When parents decide to have a child, they know they are taking up a serious responsibility. Undoubtedly, parenting can be enormously fulfilling; yet it can also be enormously demanding. Though the behavior of children can be sweet, innocent and endearing, it can also be rude, stubborn and exasperating, especially if they think they can get away with such behavior. They may push their parents to the limits to see how far the limits are stretchable and indeed to check if there are any limits at all. If children aren’t to grow up as maladjusted adults, their parents need to train them properly.  

Even if we never become parents, we all already have a similarly grave responsibility: to parent our own mind. The mind is like a child (Bhagavad-gita 06.34). The mind is restless, jumping from one thing to another, usually gravitating toward the things that promise the most pleasure in the easiest possible way. Treading such paths of least resistance, our mind often impels us to do things that are imprudent, immoral and even implosive. While exploring its childish fancies, the mind sometimes pushes our ethical boundaries, checking how negotiable they are.
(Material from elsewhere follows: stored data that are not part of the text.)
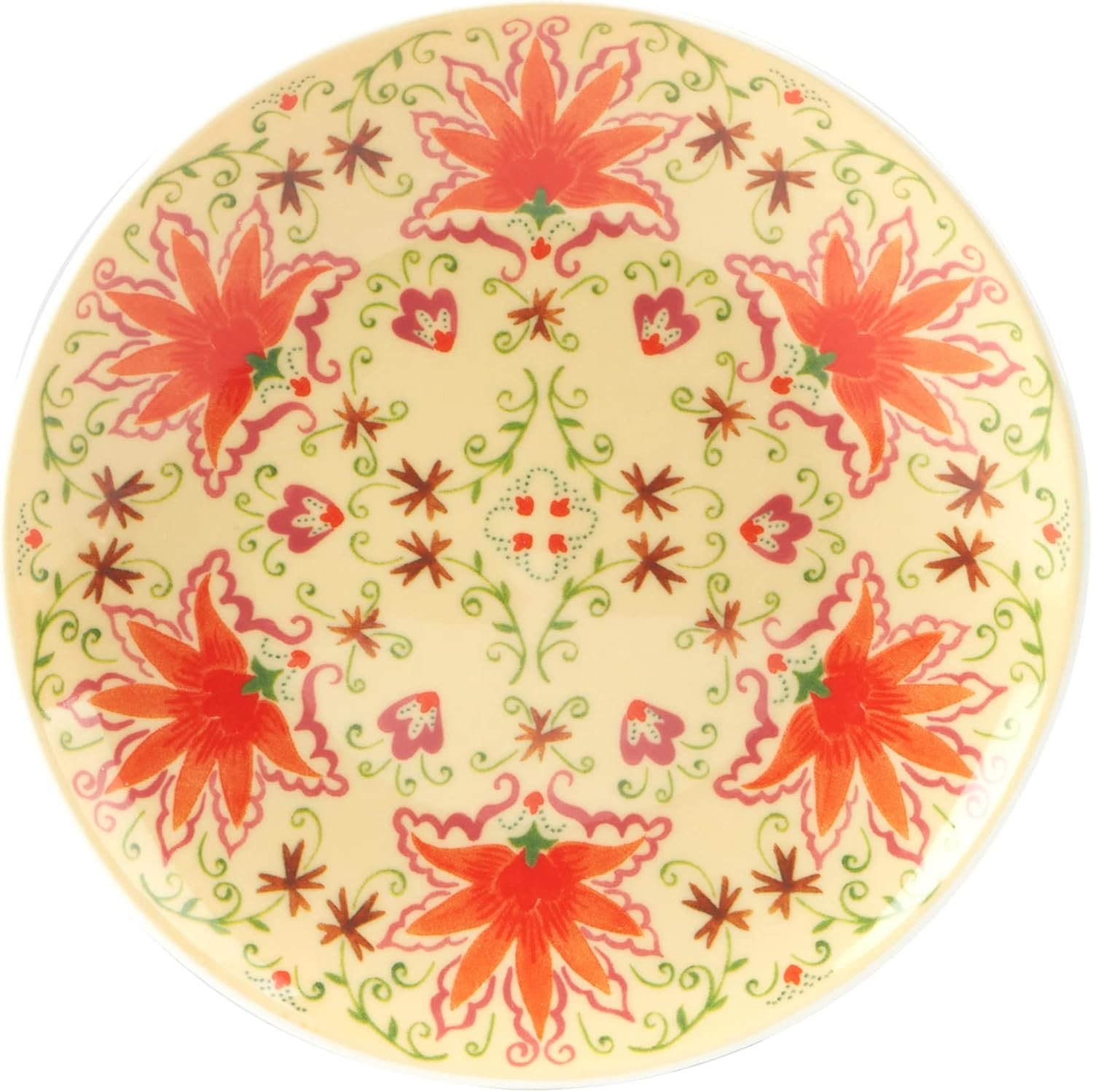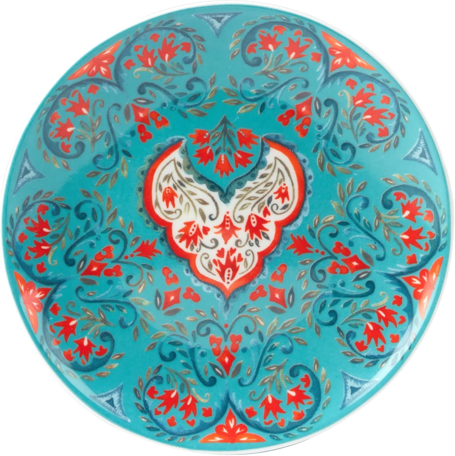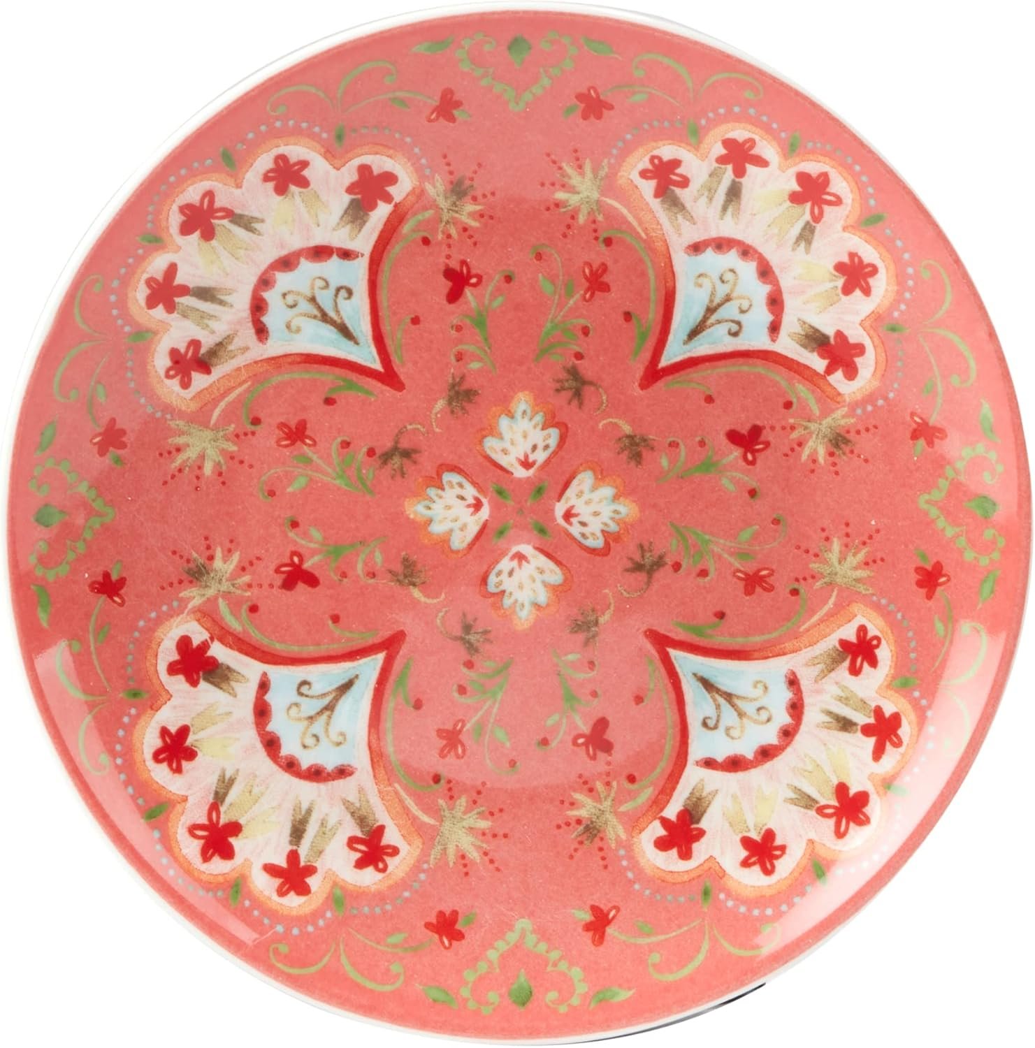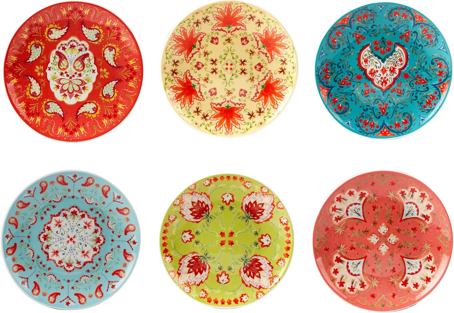 A COLORFUL SET OF SIX DESIGNS: With six unique patterns in bold reds, greens, teals, and yellows, each plate adds a splash of personality to your presentation. Inspired by floral textiles and Mediterranean motifs, they bring a joyful burst of creativity to bohemian, modern, or global-inspired table settings. Whether displayed or in use, these small plates turn everyday moments into something extraordinary.
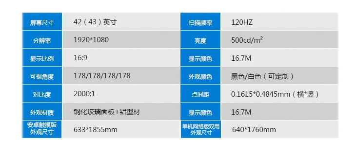 1、外殼選用優(yōu)質(zhì)金屬材料制作,表面并經(jīng)噴粉工藝處理;外殼顏色以,黑,銀色為主,面帶亞克力面板防刮傷。可根據(jù)客戶要求定做;采用后背墻掛方式。
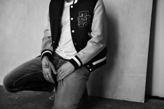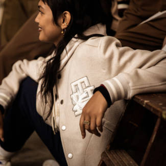 The varsity jacket - with 70% recycled wool blend, and sleeves made from 30% ECONYL® recycled nylon.
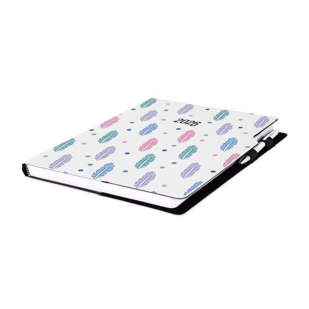 Diár obsahuje: okrúhle odtrhávacie rožky, bielu záložku a pero
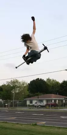 Extreme Pogo, or Xpogo, is an action sport which involves riding and performing tricks on extreme pogo sticks, defined as such by their durability and potential for height. Today's Xpogo sticks have the potential for over 10 ft. of height (measured from the ground to the bottom of the tip).[12] Extreme pogo is a relatively new extreme sport and is currently emerging into popular culture as evidenced by the growing number of Xpogo athletes around the globe, growing sales from extreme pogo companies,[13] the popularity of Xpogo athlete exhibition teams,[14] positive feedback and continued interest in Xpogo content on sites such as YouTube,[15] and the expanding scope of the annual World Championships of Xpogo, Pogopalooza.[16]
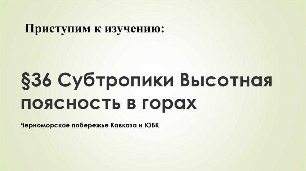 Приступим к изучению:§36 Субтропики Высотная
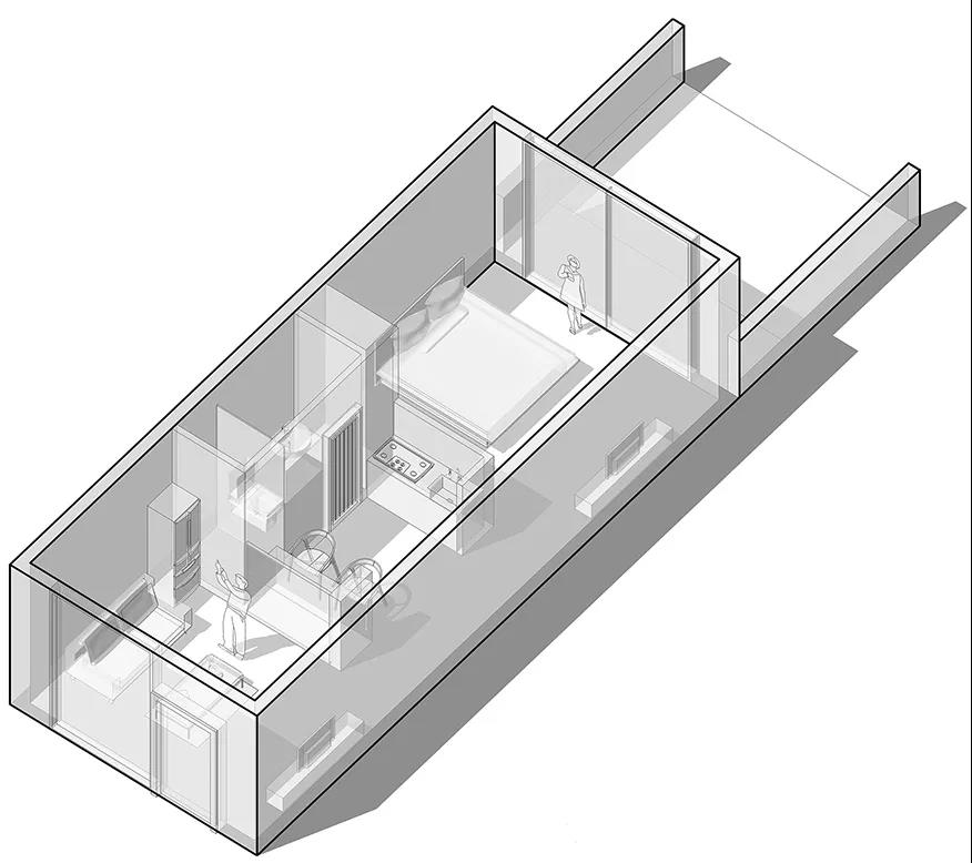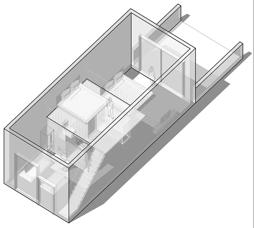 在功能分布上,項(xiàng)目的公共及輔助設(shè)施被安排在臨近入口的單層建筑中。北側(cè)靠中心庭院的樓棟二層為公共客廳,是項(xiàng)目最大的公共空間。項(xiàng)目中的單層建筑為獨(dú)棟居所,首層每套住房都帶有30平及以上面積的庭院,二層房間分為復(fù)式和單層凈高較大的房間,租戶可根據(jù)自身的喜好來靈活選擇不同類型的居住空間。
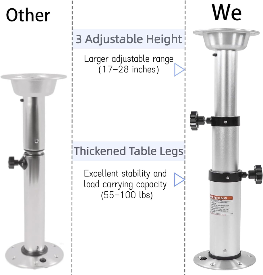 HWHongRV Piédestal de table de bateau RV en alliage d'aluminium réglable à 3 niveaux Cadre de montage télescopique intérieur détachable avec base de support
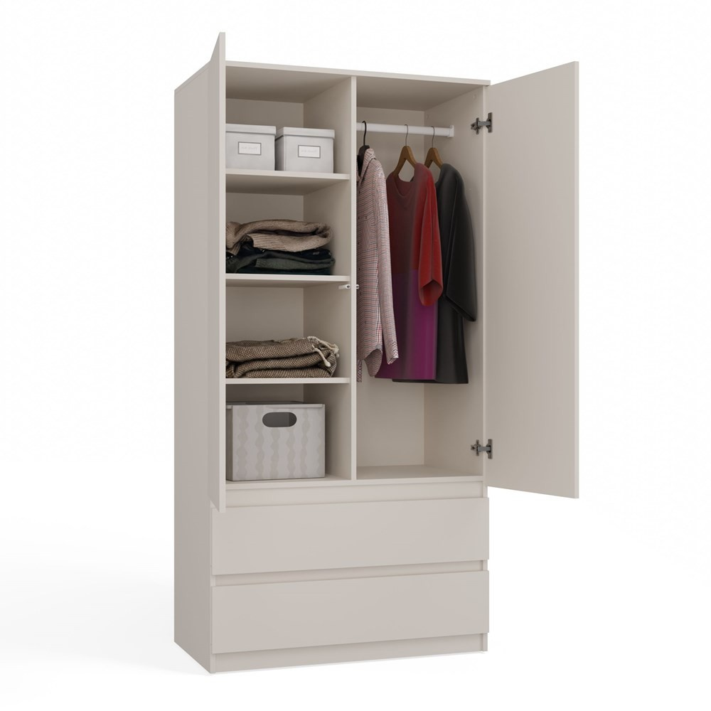 Šatní skříň Malvína v trendy barvách a moderním designu je praktický kus nábytku, který najde své uplatnění v ložnici, dětském pokoji, ale také v kanceláři nebo domácí pracovně. Nabízí dostatek úložného prostoru s možností instalace polic nebo šatní tyče v závislosti na vašich požadavcích. Dvířka se systémem TIP-ON se otevírají po jemném zatlačení čela dvířek. Nábytek je vyroben z nejkvalitnější laminované desky odolné proti poškrábání a vlhkosti, hrany jsou zakončené ABS materiálem.

And once we let those boundaries be transgressed, our mind pushes them further again and again. Till eventually we end up nonchalantly doing things that we would have earlier shuddered to even contemplate. 

When children aren’t parented properly, they are most likely to become miserable adults and make all those around them miserable too. The same applies to our mind too. It is by such pandering to the mind that some people end up addicts. 

That’s why training our mind is not just a casual choice to be adopted so that we become better; it’s a vital obligation that if neglected can have catastrophic consequences for us and those around us. 

One-sentence summary:

Train our mind as seriously as we would parent our child.

Think it over:

  • How is the mind like a child?
  • How does the mind’s behavior degenerate as might a child’s?
  • What can parenting teach us about mind management?

***

06.34: The mind is restless, turbulent, obstinate and very strong, O Krishna, and to subdue it, I think, is more difficult than controlling the wind.